Voters in Greenup County will head to the polls next year to decide if alcohol sales will be allowed there again after a more than 65-year hiatus.
The local option election follows a successful petition drive to get the issue on the ballot. It was initiated in late summer by locals seeking to spur economic growth.
The election will be Jan. 22, according to Greenup County Judge-Executive Bobby Carpenter. He confirmed Wednesday afternoon the petition bore enough verified signatures to trigger a vote.
County Clerk Pat Hieneman and her staff worked to verify the signatures. Carpenter also asked for assistance from Kentucky Attorney General Jack Conway’s office to determine if signatures submitted after the original petition was turned into officials could be used. The signatures were dated and the envelope was postmarked before the petition was submitted to county officials last week. Those were counted, according to Carpenter.
In all, about 1,650 signatures of registered Greenup County voters were verified from the more than 2,600 collected. According to state law, 25 percent of voters who cast ballots in the last general election had to sign the petition to trigger an election.

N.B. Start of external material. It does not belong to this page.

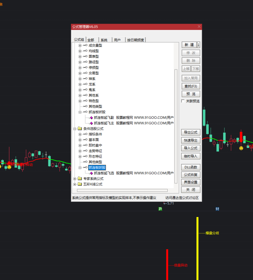 2,打开通达信,按CTRL+F打开公式管理器点击“导入”按钮“,

“I shook 2,000 hands to get this done,” said Jeremy Bates, who spearheaded the petition drive sponsored by the loosely affiliated Greenup County Coalition for Economic Growth.
“I kind of got a reborn belief in the American way. A small group of people, if they work hard enough, they can get stuff done,” Bates said.
“I want to seal the deal and bring a couple of nice restaurants here. I want something nice for people to eat. I want to focus on business. We want to keep moving forward. It is about making this place better.”
He said the coalition will meet today to determine how to move forward during the next several months.
There has been little vocal opposition to the vote to allow alcohol sales, and to date no organized groups have come out against the issue.
County officials are pledging to remain neutral.
“I’m staying out of it and my court is staying out of it,” Carpenter said. “From here on, it is up to the voters and the public.”
If the measure passes, Carpenter said, “I’m going to ask the (state) Alcohol Beverage Control office to send someone here to help us. We’ll do this thing correctly.”